Setting up Content Filters
|Stefan||09/01/2016 07:10 am|
I'm trying to download a website and skip (don't save) the files that contain these two strings:
<TITLE>302 File moved</TITLE>
I've set the "Content Filters" dialogue in Project Properties like this:
-- Text keywords
Keywords: "<title> 404" "<TITLE>302 File moved</TITLE>"
Search for all keywords: checked
Search inside HTML tags: checked
-- When keywords are not found in the page
Save these pages: checked
All the other checkboxes are left unchecked.
My assumption is that works like this:
1) Page is downloaded
2) Parser searches for "<title> 404" and "<TITLE>302 File moved</TITLE>"
3) If none of these is found, page is saved, otherwise it's discarded
However, even with these settings, the pages containing "<TITLE>302 File moved</TITLE>" are still saved, so I guess it works in a different way. Can you please help me with finding out where my settings are wrong?

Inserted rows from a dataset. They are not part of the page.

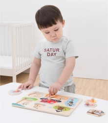 Puzzle-ul conține opt bucăți, fiecare având propriul său loc și mâner pentru o prindere ușoară. Sub fiecare bucată este o imagine care ajută copiii să găsească locul potrivit.
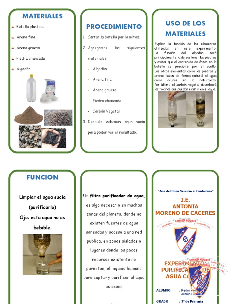 - Arena gruesa las toxinas que puedan existir en el agua.
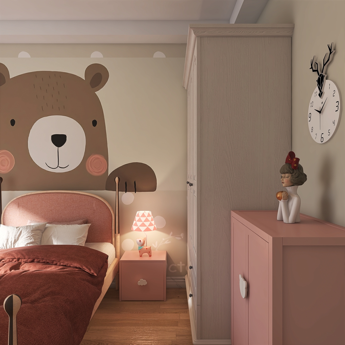 每一个孩子心中都有一个童话;梦幻,纯真,我们家庭设计中一定要给他们一个属于自己的小天地。暖色的墙面,搭配小熊定制床头壁画,仿佛宝贝每天在小熊的拥抱下轻轻入眠;搭配小鹿台灯,空间轻快又活泼。还有墙上的鹿...展开
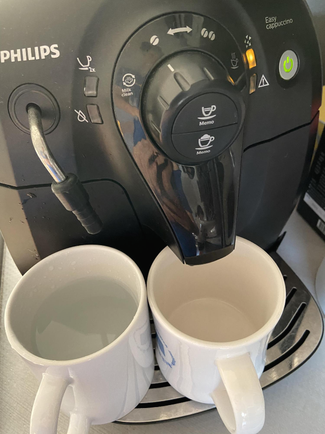 9. 커피 추출 버튼을 눌려서 이물질 없는 깨끗한 물이 나오면 전체 과정을 종료합니다.
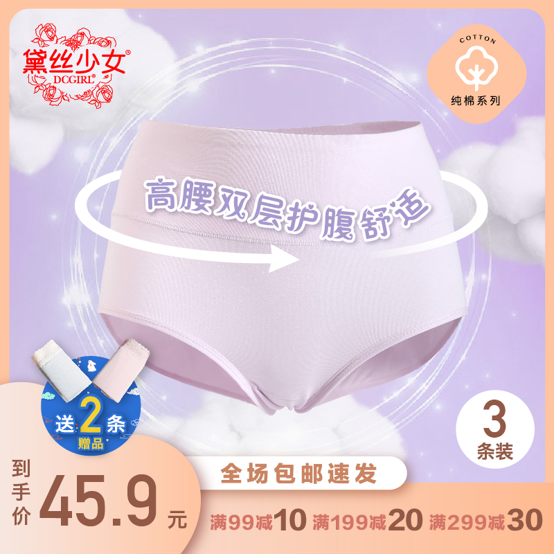 【产品名称:3条黛丝少女内裤女纯棉女士无痕高腰收腹提臀透气舒适三角底裤女】
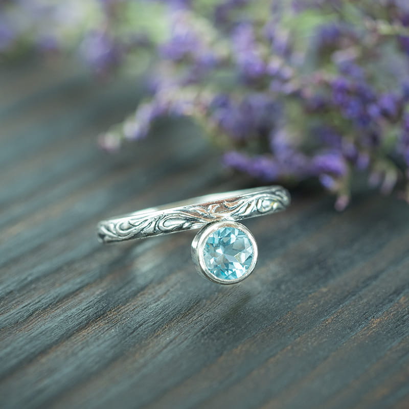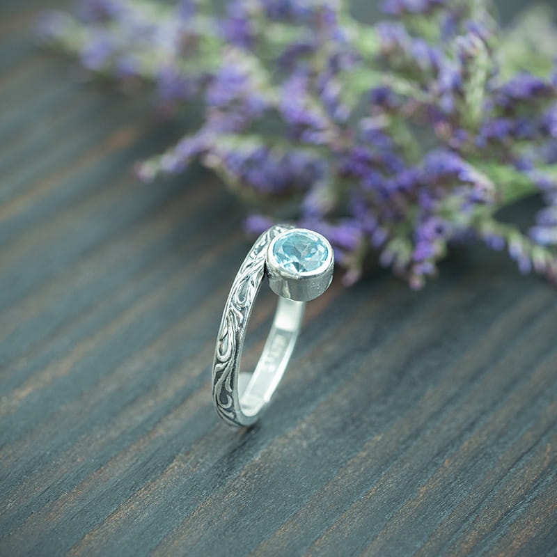Remi - pierścionek z topazem błękitnym i zdobioną obraczką
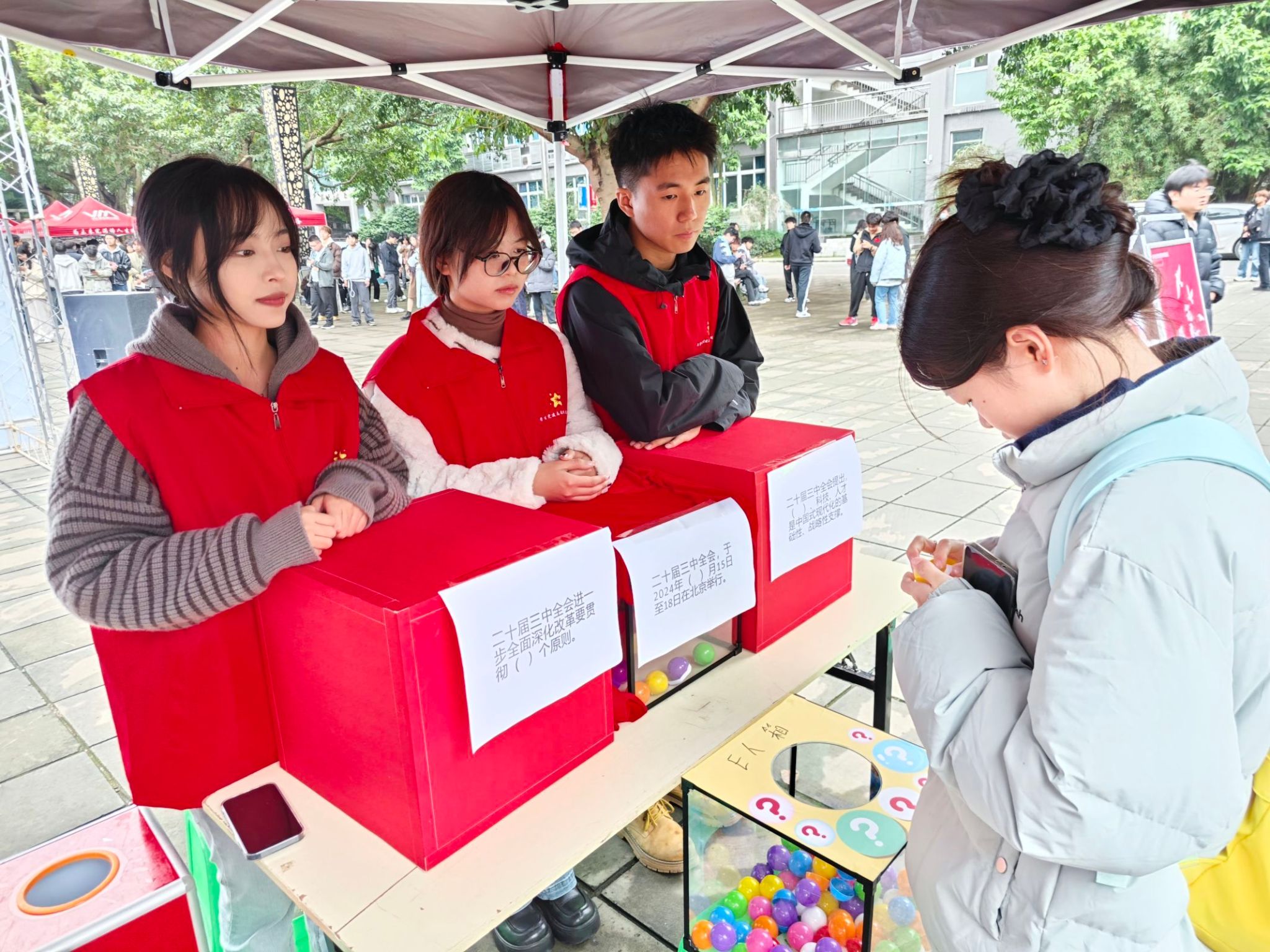然后,活动开展关于党的二十届三中全会相关的知识回答小游戏,同学们通过自己对政策方针的理解,选出正确的答案小球投进问题抽奖箱,投入后即可抽取奖品,这样趣味性的知识接触环节让得大家能深刻动脑理解到活动的意义。
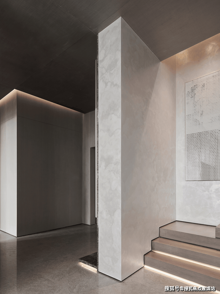 客厅另一侧以都市建筑为意象,构成跃层空间。
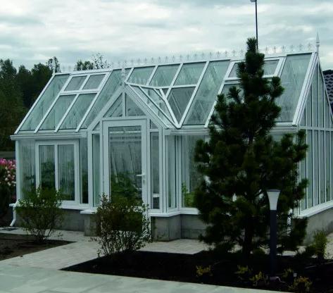 Каркас изготовлен из усиленного алюминиевого профиля сечением 50×80 мм, рассчитанного на сильные снеговые и ветровые нагрузки. Для покрытия применяется закалённое стекло толщиной 5 мм, отличающееся высокой светопроницаемостью, износостойкостью и безопасностью при эксплуатации. Герметичная система остекления, водостоки и отливы по периметру предотвращают попадание осадков внутрь и защищают фундамент от влаги.
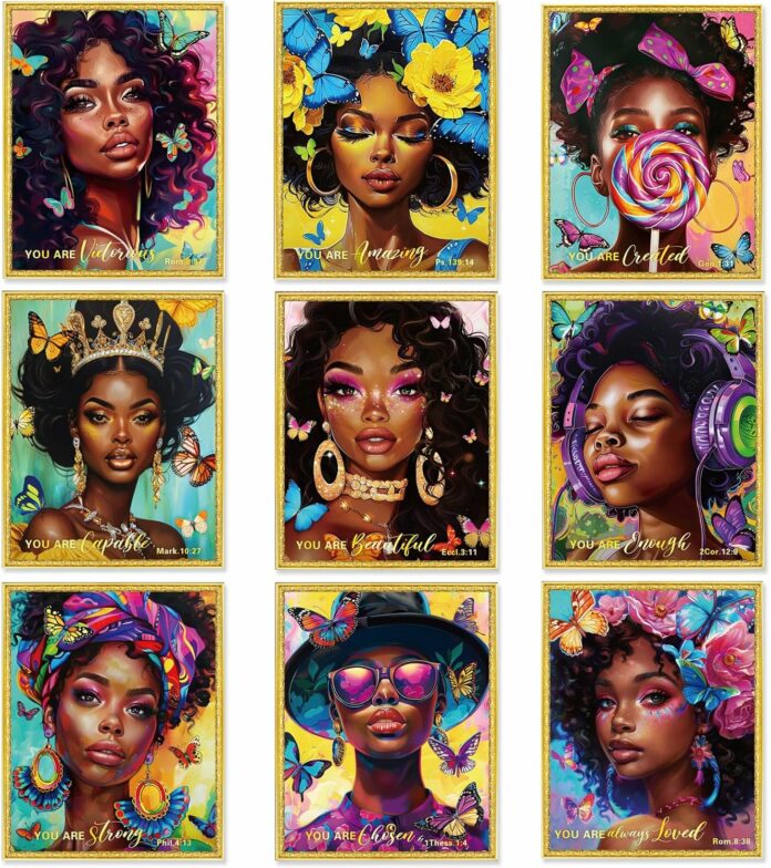 【Black Girl Wall Art】 Beautify your living space with our stylish and colorful black female art inspirational poster, unique design and vibrant colors will brighten up any space. Note: Art prints do not include frames.

|Oleg Chernavin||09/01/2016 07:13 am|
You need to uncheck the Search for all keywords box. Because when it is checked, Offline Explorer requires both of these words to be present in a single web page. And as I understand, only one of these lines can be in a web page.
So, it is either 302 or 404.
Would this work?
|Stefan||09/01/2016 11:00 am|
|Thank you Oleg, I'll try it out.
However, I find this dialogue (especially the "Search for all keywords" option) counter-intuitive from the user standpoint. I'll try to explain.

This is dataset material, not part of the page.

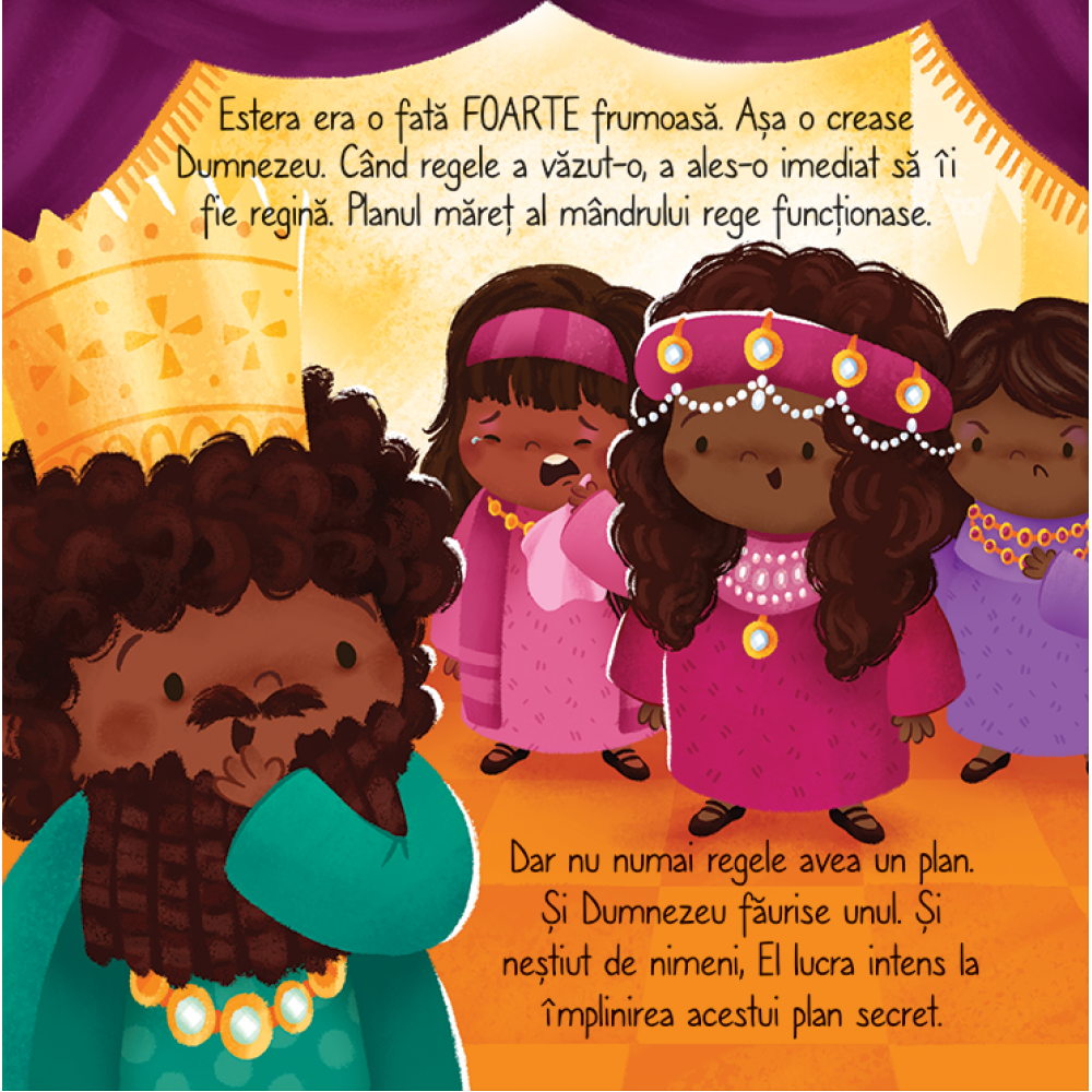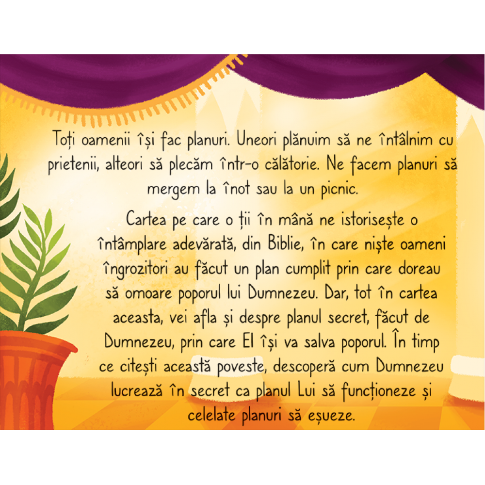 Oare ce se va intampla atunci cand regina Estera va risca totul pentru a opri un complot ingrozitor? Va capata ea trecere sau va fi pedepsita? Descoperim, in aceasta relatare fidela si amuzanta a povestirii biblice, cum Dumnezeu a folosit-o pe Estera pentru a-si pazi poporul de un plan marsav. Aflam astfel ca planurile lui Dumnezeu de a-si salva copiii nu esueaza niciodata.
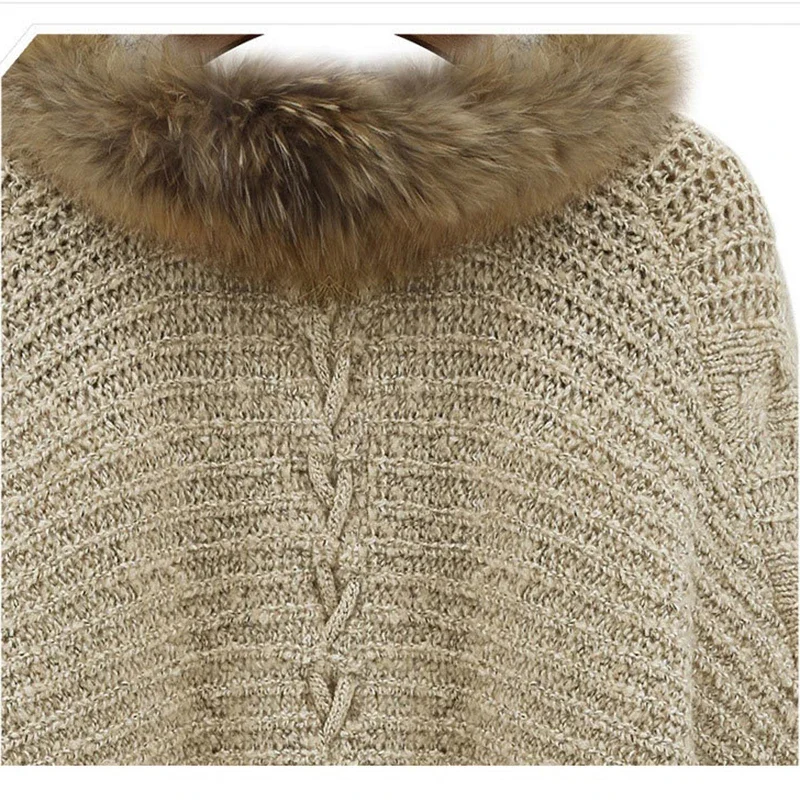 Women Sweater Thick Poncho Capes Autumn Winter Femme Knitted Bat Sleeve Fur Collar Sweater Knitted Long Cardigan

Let's say I have two strings that I want to filter out. So I put them in the "Keywords" field and then check "Search for all keywords", because that's what I want to do - search for all of them and only do the action if none is found. Then I go to "When keywords are not found in a page" and check "Save these pages".
So in my thinking, I checked the options that mean "search for all keywords and when none of them is found, save page". However, it doesn't work that way, which might be slightly confusing.
I think it would be way more intuitive if there were two separate checkboxes - "Only apply when all keywords are found" in "When keywords are found in a page" and "Only apply when none of the keywords are found" in "When keywords are not found in a page".
Or, even better, a radio buttons to switch between logical AND and logical OR - so it would be possible to choose between "Only when all keywords are found" and "When at least one keyword is found" in "When keywords are found in a page" and between "Only when none of the keywords are found" and "When at least one keyword is not found" in "When keywords are not found in a page".
That way, it would be easy to understand what the filter logic is going to do and how it will apply the rules.
Just a suggestion :)
Thanks again for helping me out.
|Oleg Chernavin||09/26/2016 07:08 pm|
|Yes, I like that it gives more logic and flexibility.
I added these options. Can you please take a look at the updated version:
Please let me know if it is OK or anything should be improved/fixed. Thank you!